Бесцельно пролежал в Томской клинике; она обращена в госпиталь и все клинические устройства разгромлены; нет даже ванн, без которых мне нельзя существовать. Рекомендуют двигаться дальше на восток, где сохранились лечебные заведения, так как мое положение до сих пор сомнительно и весьма вероятна необходимость серьезной операции.
Медленно двигаюсь на восток; слава Богу, что мне оставили тот вагон в котором я жил в Омске; адъютанты моего преемника пытались его отобрать, но я впервые так окрысился, что они сразу куда-то исчезли; вероятно, мой скелетообразный вид и чернозеленый цвет лица увеличили эффект моего выступления.
Кончился Омский период моей жизни; в вагоне тихо; поезд долго стоить на станциях; лежу и подвожу итоги своему 174 дневному пребыванию в Омске; не прошло и шести полных месяцев, а сколько пережито и перечувствовано!
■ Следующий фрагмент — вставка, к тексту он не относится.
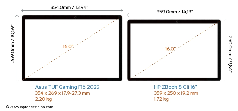 Wifi ZBook 8 G1i 16" はより高度な Wi-Fi 規格 v7 を備え、 TUF Gaming F16 2025 (v6E) と比べて、より高速で信頼性の高いワイヤレス接続を提供します。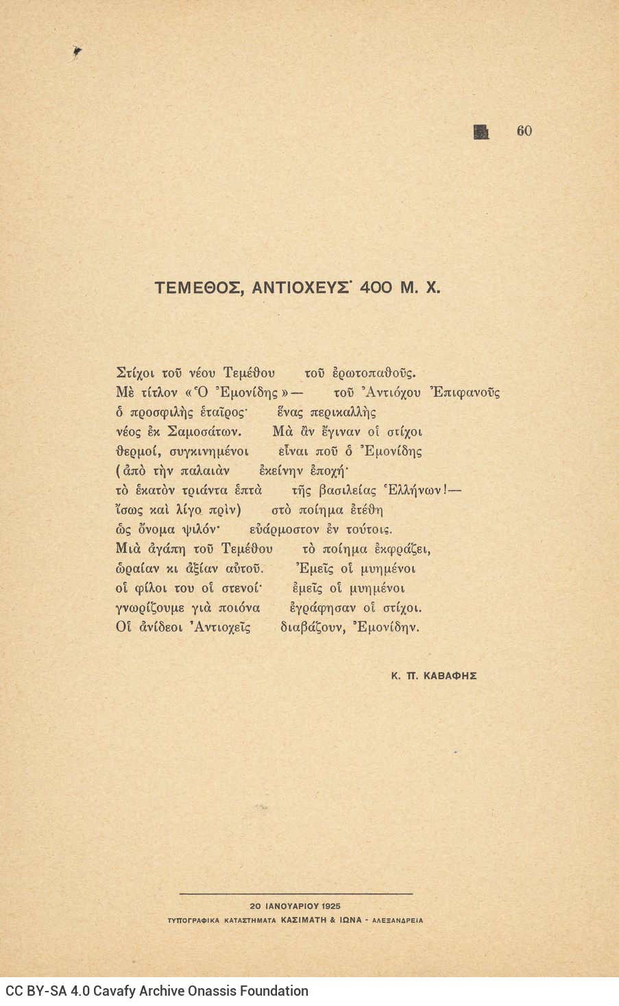 ΑΡΧΕΙΟ ΚΑΒΑΦΗ, Κ. Π.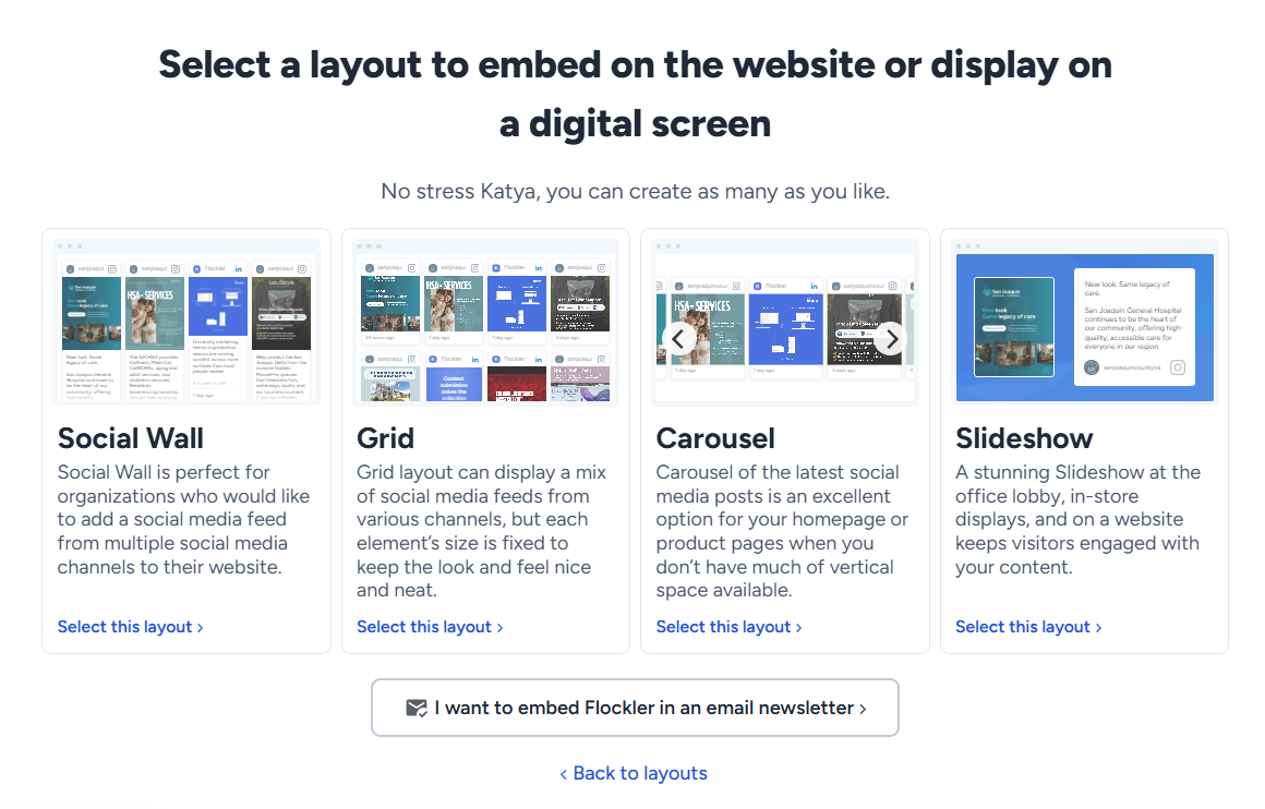 Once you’ve got some content stored with Flockler, click 'Display' in Flockler’s navigation, and select a layout for your feed.
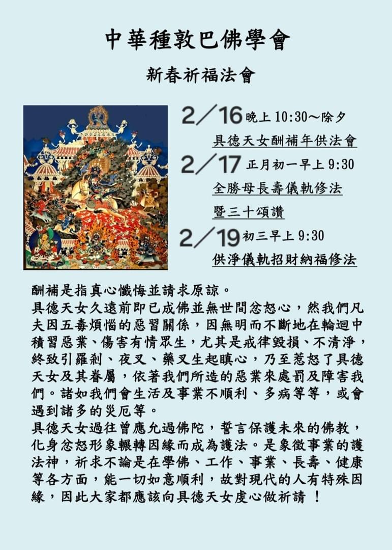 January 27, 2026January 21, 2026好消息! 這是今天2026年1月21號尼泊爾嘎檔寺及金鬘寺早餐、午餐及晚餐,由具壽者苡榭竹嘎(慧白度母)大猷釓士、苡榭慈主(慧長壽成就)大近善、苡榭巴燈(慧具德)大近善、苡榭迪吉(慧幸福)大...January 19, 2026January 19, 2026January 27, 2026January 19, 2026January 21, 2026好消息! 這是今天2026年1月21號尼泊爾嘎檔寺及金鬘寺早餐、午餐及晚餐,由具壽者苡榭竹嘎(慧白度母)大猷釓士、苡榭慈主(慧長壽成就)大近善、苡榭巴燈(慧具德)大近善、苡榭迪吉(慧幸福)大...January 19, 2026更多文章嘎檔派的特殊節日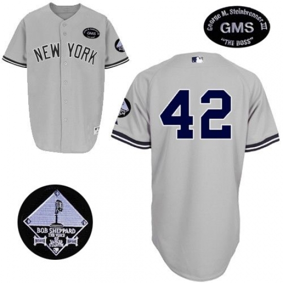 Home>MLB>New York Yankees>Mariano Rivera>Men's Majestic New York Yankees #42 Mariano Rivera Authentic Grey GMS "The Boss" MLB Jersey
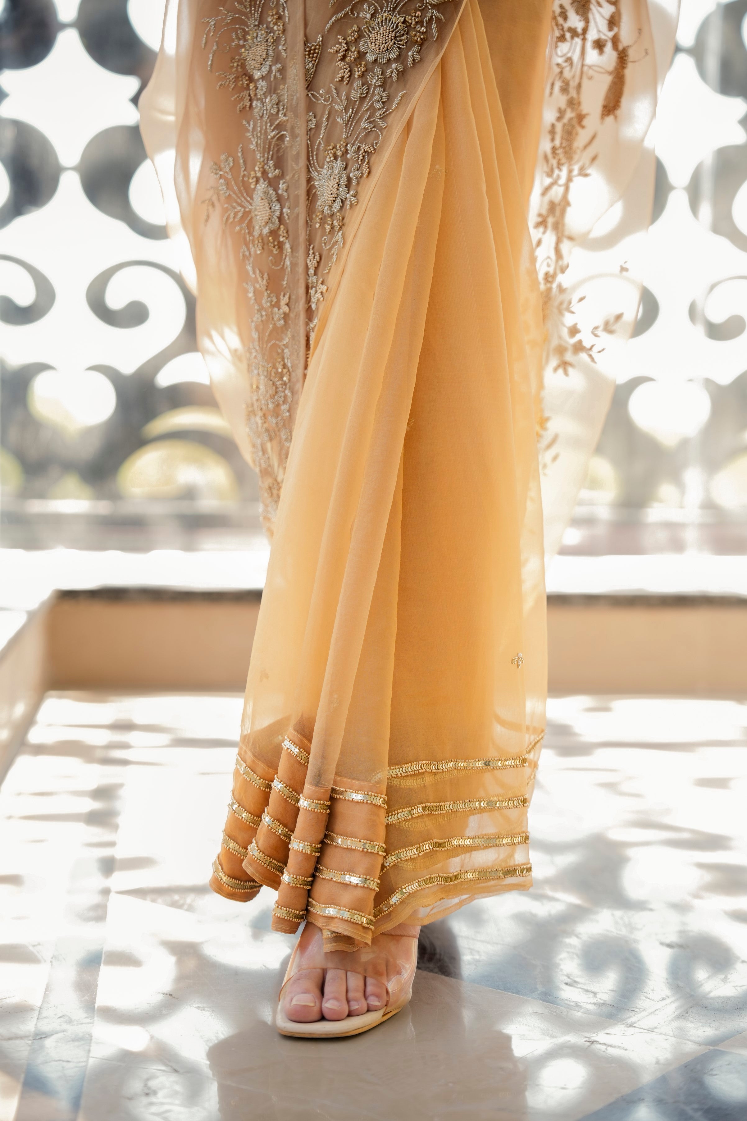 Sand beige organza saree-the saree features heavy hand embroidered zardozi work blouse paired with heavy hand embroidered border saree. The set includes a petticoat.

Пробыл, однако, раза в четыре дольше, чем рассчитывал, когда уезжал из Харбина. Возвращаюсь обратно с разбитыми вдребезги иллюзиями о возможности избавления Руси от навалившейся на нее красной погани и ее белой разновидности - атаманщины всех видов и калибров.
Омск держится, но, по-видимому, приближаются его последние дни; он еще трепыхается, но над ним и в тылу реют и каркают черные вороны; союзники сокращаются, дабы своевременно выйти из неприятного положения.
Продолжение борьбы в том, сумеют ли спасти армию, совершенно вымотанную произведенными над нею экспериментами; все можно поправить и восстановить за исключением армии, если ее израсходуют на нелепой защите Омска.
Пока что, Москва одержала победу над Сибирской Вандеей, и даже не Москва, а наше собственное ротозейство, наша дряблость, наша государственная и военная безграмотность.
Уже во время пребывания в Харбине чувствовалось, что в Омске что-то неладно и что у военного и гражданского рулей стоять какие-то плохенькие кормчие.
Омские гастролеры кричали о могучей армии, о налаженном государственном механизме, но что приходило оттуда в виде приказов и распоряжений, внушало немалые сомнения в правильности гастролерских сведений. Только Иванов-Ринов был способен заверять, что в распоряжении Омска 400 тысячная армия, дисциплинированная, организованная и рвущаяся в бой.
Но то, что я увидел, узнал и пережил за истекшие шесть месяцев, превзошло все мои пессимистические ожидания и выбросило опять на восток физическим инвалидом с разбитыми надеждами на скорое возрождение России и с самыми мрачными взглядами на ближайшее, да и на долгое будущее.
Главная язва, убивающая Омск, Адмирала и Правительство, это отсутствие реальной и сильной власти. Повторяется вечная сказка о голом короле; он голенький и беспомощный, а все притворяются, а кое-кто искренно верит, что король и одет и могущественен.